The combination of these fields precisely defines a rational number, whose value is desirably “close enough” to the value you need to store (which was imprecise to begin with, so the approximation involved in converting to floating point representation is normally not a problem).
The overall precision available is determined by the bits allowed to store the fraction. For reference,
- FLOAT allows 23 physical bits for the fraction (with hidden bit, effectively 24 bits of fraction)
- DOUBLE allows 52 physical bits for the fraction (with hidden bit, effectively 53)
Respectively, this is 7 and 15 precise decimal digits in the whole figure. So FLOAT probably meets our 7 digit requirement.
To make sure, let’s work backwards and confirm just how precisely a FLOAT value can represent a latitude. To do this I will show how an example value is converted into the FLOAT representation. None of the values in our table will have latitudes greater than 77 degrees, so I will pick 76.4935. (Higher values have larger exponents and hence the least available precision for the fractional part, so are the safest test.)
First we need to determine the correct exponent for the value. Then we can work out the real-world “resolution” of the number, i.e. how much the actual value changes if we change the fraction by the smallest possible amount (i.e., in its least significant bit).

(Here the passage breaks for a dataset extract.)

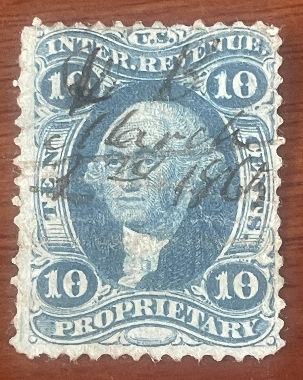 US Stamp R38c, 10 Cent Proprietary. Shipped with USPS Ground Advantage.
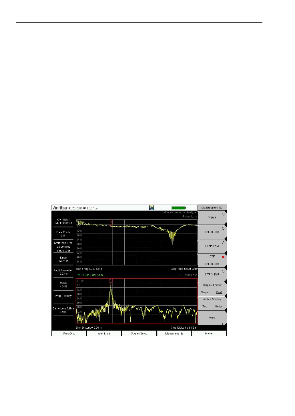 measurements either on the top or bottom. Smith Chart is not supported in dual display

The exponent is the largest power of 2 that divides the value, to “normalise” it into a value between 0 and 1. Since our starting value is more than 1, we need to look at divisors among the powers of 2, which are greater than one: 1, 2, 4, 8, 16, 32, 64, 128, 256… A glance at this list shows us that for 76, a divisor of 128 (2^7) is the right one; i.e., the floating point exponent is 7. And the resulting fraction part is 76.4935 / 128, or in decimal, 0.59760546875.
(Normalisation works similarly for starting values less than one, but in the other direction. We multiply by the largest power of 2 that leaves the value less than one, and store the negative exponent. Negative values are simply dealt with by converting to positive before normalising, and noting a negative sign.)
Since all non-zero positive numbers begin with binary ‘1′, IEEE representation cleverly implies this “hidden” 1 bit, and doesn’t physically store it. This frees up one more bit for the fraction, i.e. giving a total of 24 bits for FLOAT precision. (Because of this, and “exponent biasing”, the binary sequence shown isn’t the actual IEEE bit pattern representing this number.)
Assuming a fraction of 24 bits, let’s examine its “binary expansion”. This is effectively just the result of 0.59760546875 x 2^24, written out in base 2:
1001100 . 01111110010101100 (total 24 bits including "hidden" bit) ^^^^^^^ ^^^^^^^^^^^^^^^^^ whole # fraction part = 76 . 4935 (approx)Because the exponent is 7, the first 7 bits in my binary sequence above are the whole number part (= binary 1001100 = 76). I’ve put a gap where the “binary point” belongs. Written out like this, we can see that we have 17 bits to the right of this point. 2^17 = 131072; so, around this magnitude of 76 degrees (and up to 128, as at 128 the binary exponent increases to 8), we can resolve no worse than 1/131072th of a degree. This is enough bits for five decimal digits (which only requires 1/100000th).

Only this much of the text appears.